RLAM’s Greetham: Investors are overly optimistic despite Covid-19 risks

04 November 2020

Royal London Asset Management’s Trevor Greetham explains why he is worried about optimistic investor sentiment, and why he is bullish on global high yield bonds.

By Abraham Darwyne,

Senior reporter, Trustnet

The coronavirus pandemic will probably last for a few years, but investors are still unusually optimistic, says Royal London Asset Management’s Trevor Greetham.

“I think we just have to assume this is a really long, drawn out crisis,” he said. “There’s a tendency to think these things take three months or six months to work through.”

He recalled how the Spanish flu took two or three years before it was over, and although modern science will speed things up this time around, he reckons it will still take a long time to get through.

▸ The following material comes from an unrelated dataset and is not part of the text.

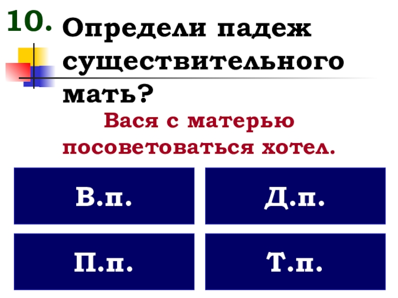 Определи падеж существительного мать?П.п.В.п.Д.п.Т.п.10.Вася с матерью посоветоваться хотел.
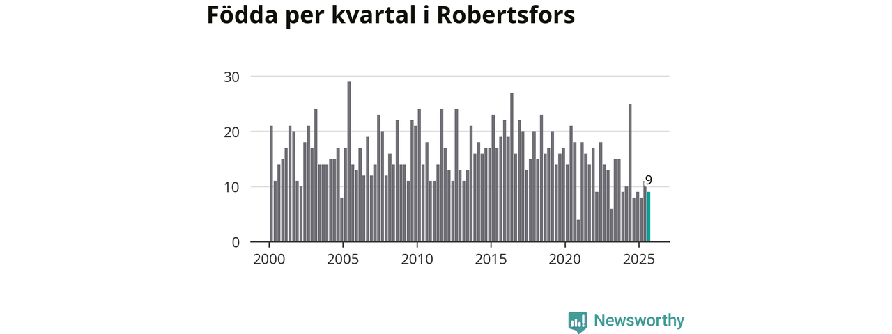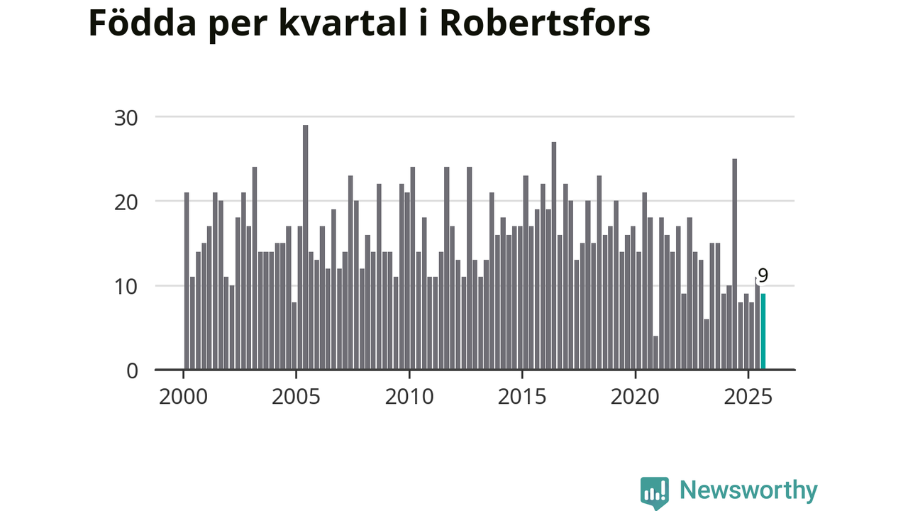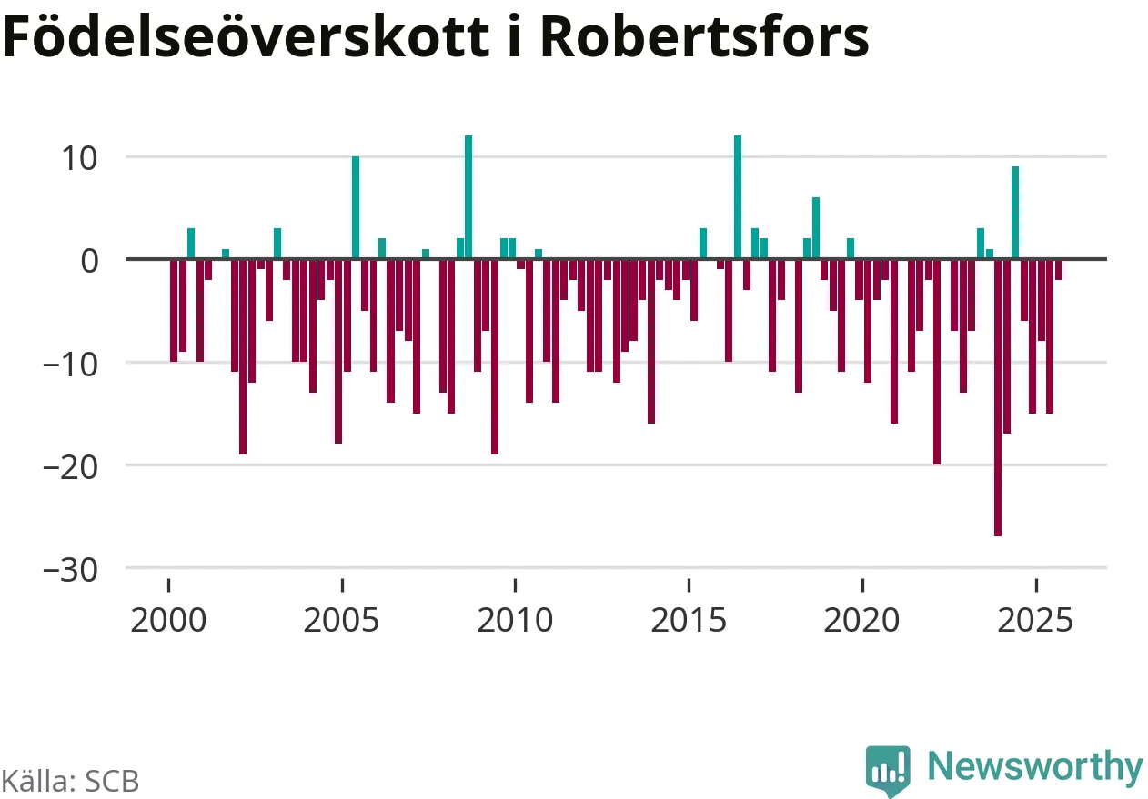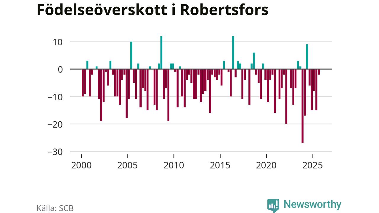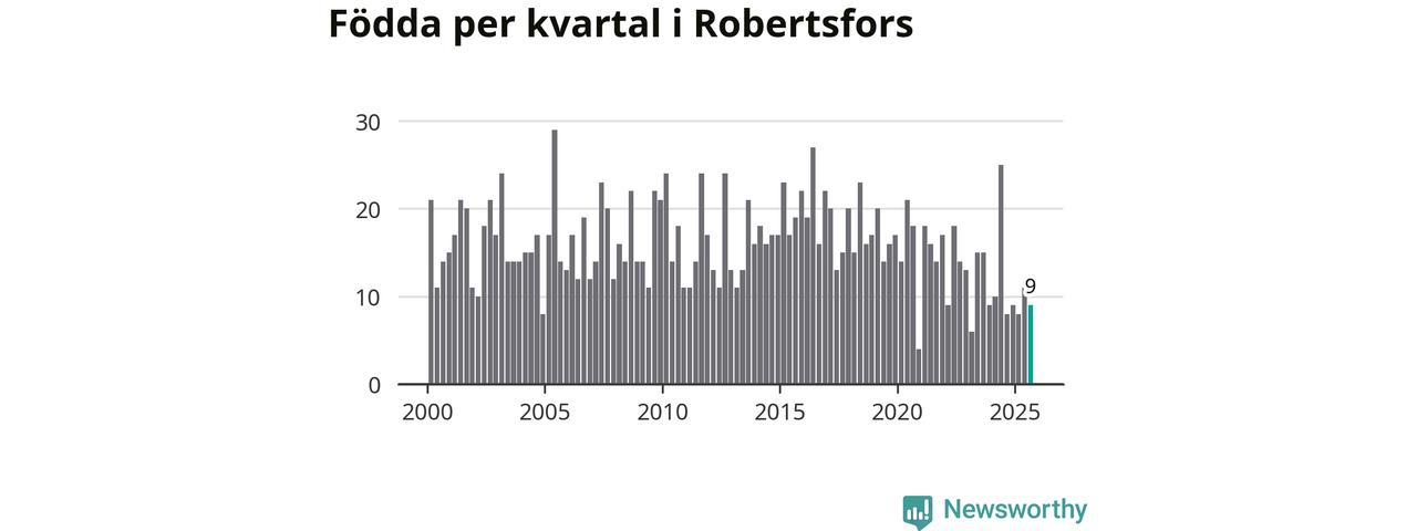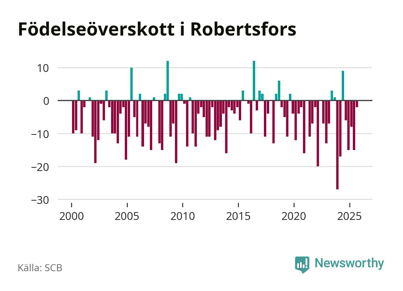 Enligt SCB:s siffror föddes nio barn i Robertsfors under det senaste kvartalet. Samtidigt avled elva personer. Skillnaden mellan antal födda och döda är så liten att det inte går att säga om det beror på något annat än SCB:s röjandeskydd. Kommunen har oftast haft negativt födelsenetto tidigare.

Indeed, a widely available vaccine is not expected until the middle of next year, and it will be first administered to health workers and other particular groups before the wider population.

Discussing the UK as an example, Greetham highlighted the fact that the Office of National Statistics’ (ONS) immunity survey found only 6.2 per cent of randomly tested people in the UK over the last six months tested positive for antibodies.

He said: “If you cast your mind back to the beginning of the crisis when [UK chief medical officer] Chris Whitty and others were talking about herd immunity, they said you needed to get to 60 per cent immunity, and we’re currently at just over six per cent, a tenth of a way through.

“I think we just have to hunker down here and assume this is quite long. We’re going through the northern hemisphere winter with virus numbers picking up in Europe in the US without an effective vaccine available.”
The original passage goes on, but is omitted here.